→ Try it
Would you copy exactly the lines in the data below from the one that has "Décédé à Montbert" through the one that has "Очень важно количество", dropping any pictures?

→ Records shown
-*-
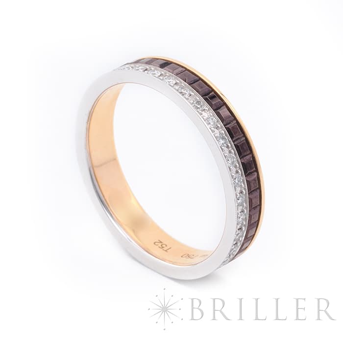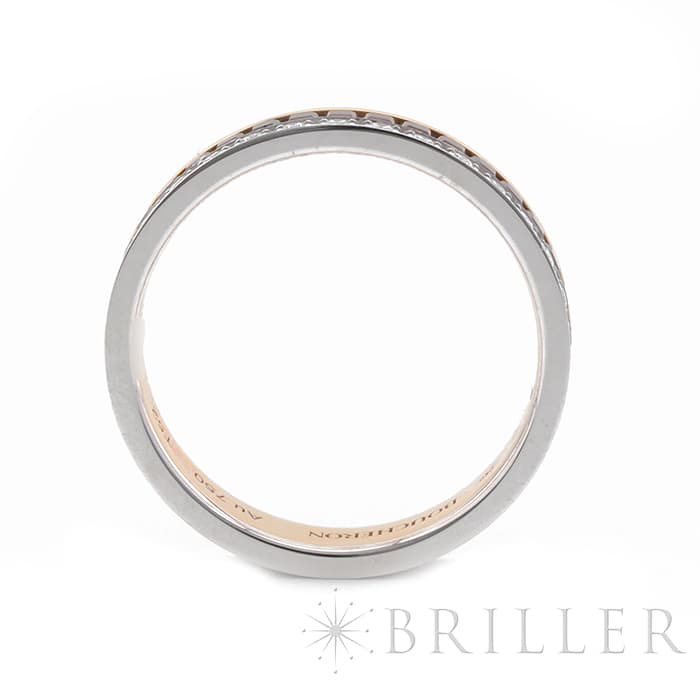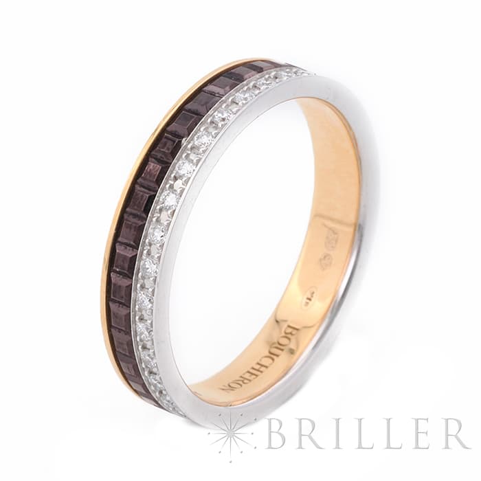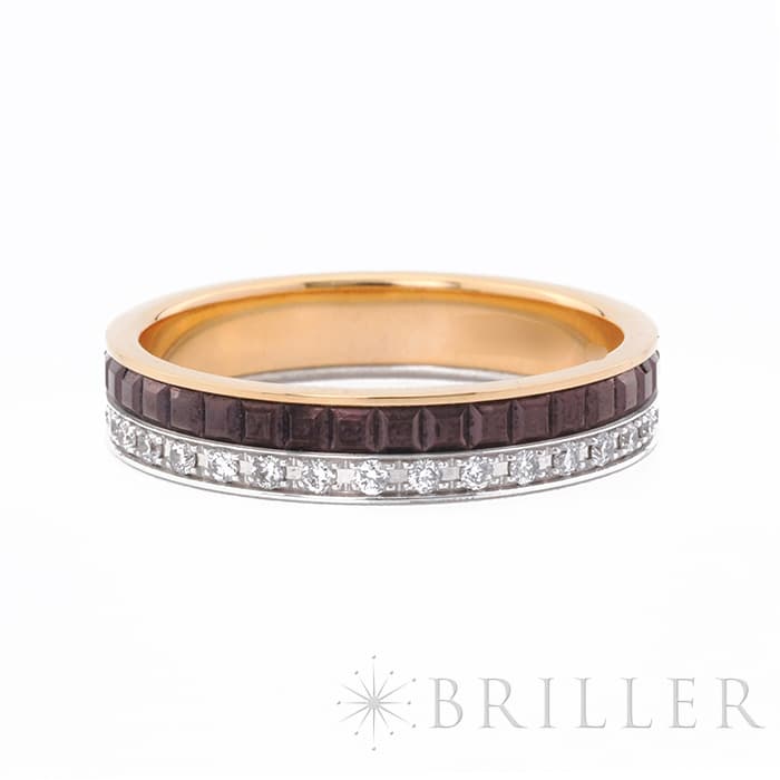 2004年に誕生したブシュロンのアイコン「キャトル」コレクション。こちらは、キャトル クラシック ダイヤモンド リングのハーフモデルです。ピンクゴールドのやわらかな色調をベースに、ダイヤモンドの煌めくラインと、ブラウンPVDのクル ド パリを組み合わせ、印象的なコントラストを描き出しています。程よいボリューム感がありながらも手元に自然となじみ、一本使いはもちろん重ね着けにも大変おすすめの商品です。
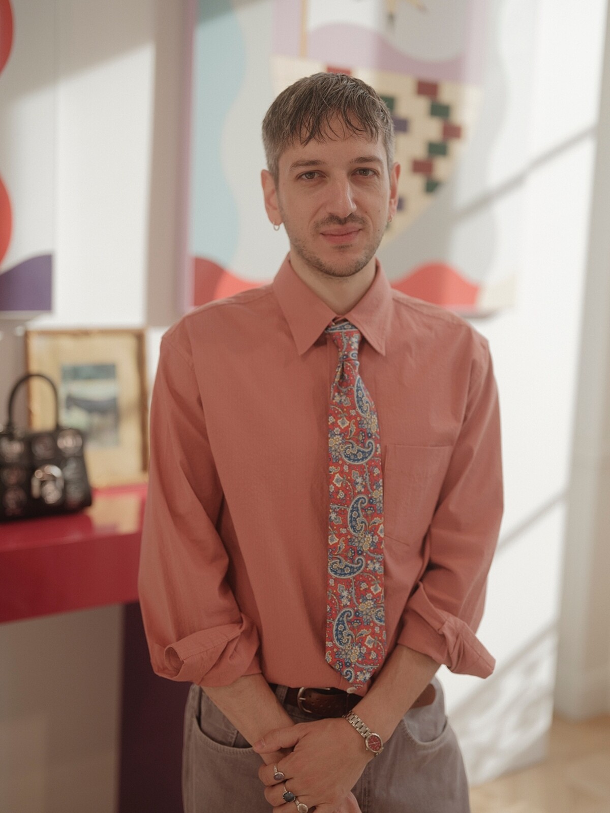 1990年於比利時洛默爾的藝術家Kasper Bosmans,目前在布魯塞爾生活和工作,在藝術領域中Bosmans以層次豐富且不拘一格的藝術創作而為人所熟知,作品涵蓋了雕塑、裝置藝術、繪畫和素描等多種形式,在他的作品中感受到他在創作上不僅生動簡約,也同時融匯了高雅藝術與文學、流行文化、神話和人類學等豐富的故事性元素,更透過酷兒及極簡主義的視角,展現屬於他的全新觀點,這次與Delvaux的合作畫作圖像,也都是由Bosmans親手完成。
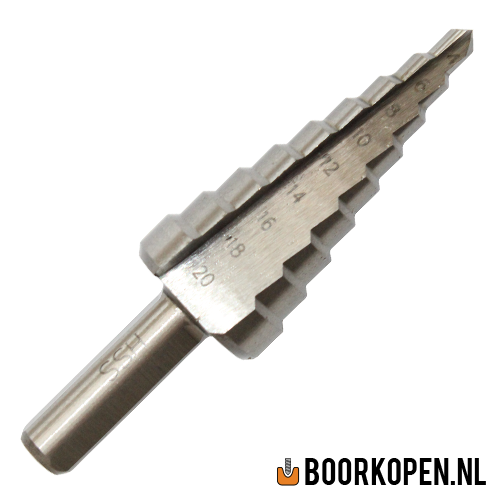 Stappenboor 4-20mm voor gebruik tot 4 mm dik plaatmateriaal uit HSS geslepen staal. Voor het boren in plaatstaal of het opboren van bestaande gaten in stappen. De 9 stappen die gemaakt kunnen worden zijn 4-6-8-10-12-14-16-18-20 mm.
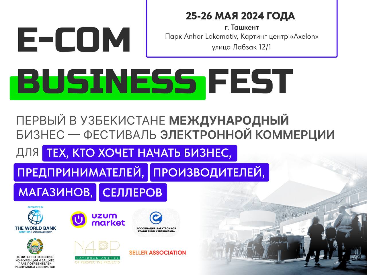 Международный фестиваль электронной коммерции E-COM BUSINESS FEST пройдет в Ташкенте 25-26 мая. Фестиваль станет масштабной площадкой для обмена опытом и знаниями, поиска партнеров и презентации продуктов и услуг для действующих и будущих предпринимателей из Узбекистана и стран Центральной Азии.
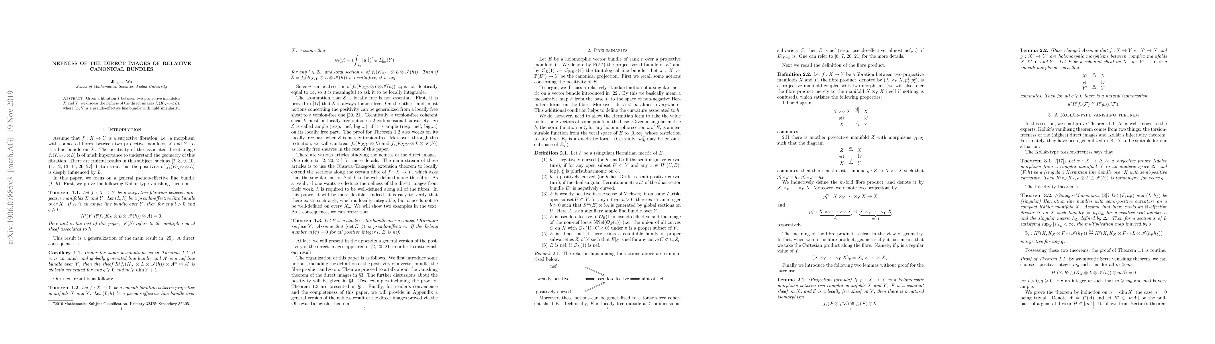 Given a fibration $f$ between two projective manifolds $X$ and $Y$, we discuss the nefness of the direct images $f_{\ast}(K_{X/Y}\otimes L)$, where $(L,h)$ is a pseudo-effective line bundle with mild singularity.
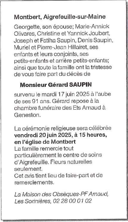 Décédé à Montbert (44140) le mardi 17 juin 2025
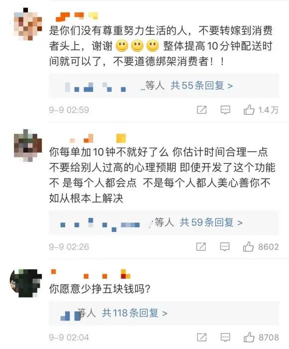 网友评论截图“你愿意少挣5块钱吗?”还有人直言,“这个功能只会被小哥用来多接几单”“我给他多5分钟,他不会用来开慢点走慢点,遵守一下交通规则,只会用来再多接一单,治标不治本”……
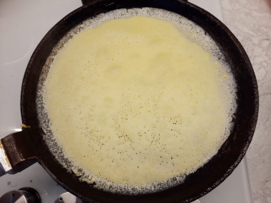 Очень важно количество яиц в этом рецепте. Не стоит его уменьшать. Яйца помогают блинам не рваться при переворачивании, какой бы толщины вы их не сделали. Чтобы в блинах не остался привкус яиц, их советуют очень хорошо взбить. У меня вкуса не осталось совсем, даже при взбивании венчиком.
-*-
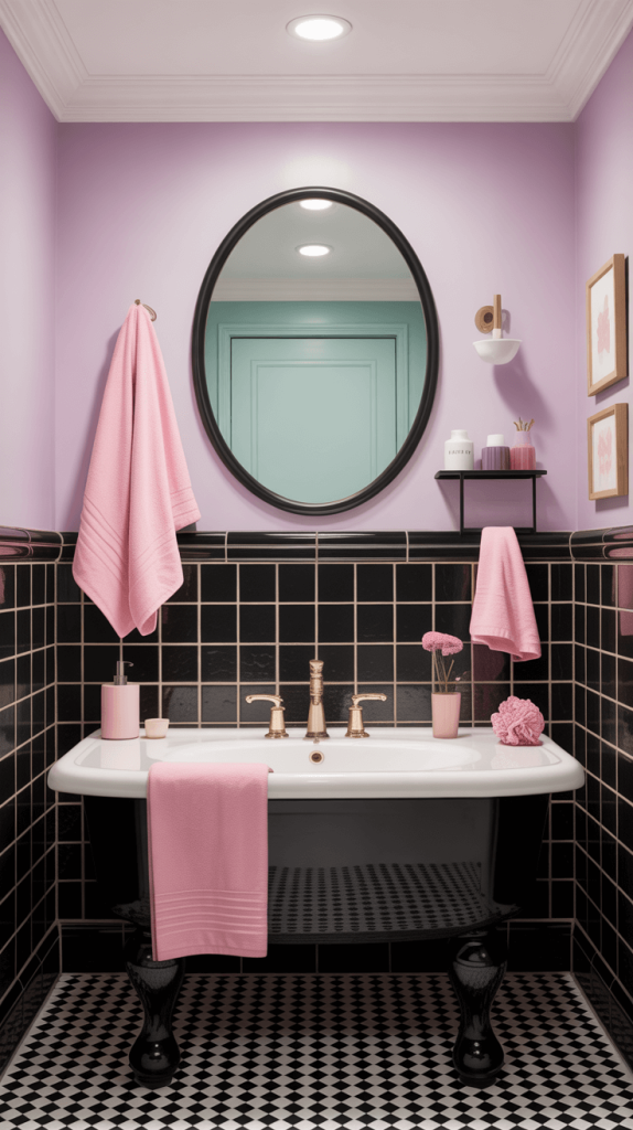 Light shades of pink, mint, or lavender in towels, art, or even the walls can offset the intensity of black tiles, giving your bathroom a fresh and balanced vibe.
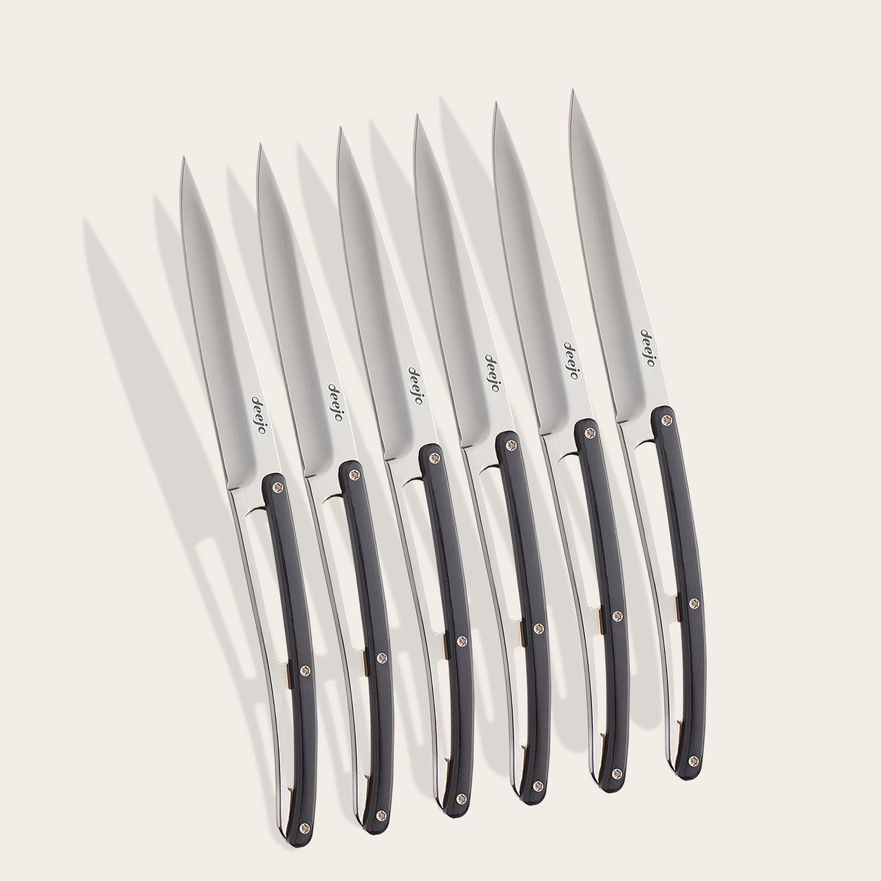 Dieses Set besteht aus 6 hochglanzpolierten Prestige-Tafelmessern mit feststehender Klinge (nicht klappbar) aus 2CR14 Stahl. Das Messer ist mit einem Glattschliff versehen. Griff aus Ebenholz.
-*-
→ Response to this exercise
 Décédé à Montbert (44140) le mardi 17 juin 2025
 网友评论截图“你愿意少挣5块钱吗?”还有人直言,“这个功能只会被小哥用来多接几单”“我给他多5分钟,他不会用来开慢点走慢点,遵守一下交通规则,只会用来再多接一单,治标不治本”……
 Очень важно количество яиц в этом рецепте. Не стоит его уменьшать. Яйца помогают блинам не рваться при переворачивании, какой бы толщины вы их не сделали. Чтобы в блинах не остался привкус яиц, их советуют очень хорошо взбить. У меня вкуса не осталось совсем, даже при взбивании венчиком.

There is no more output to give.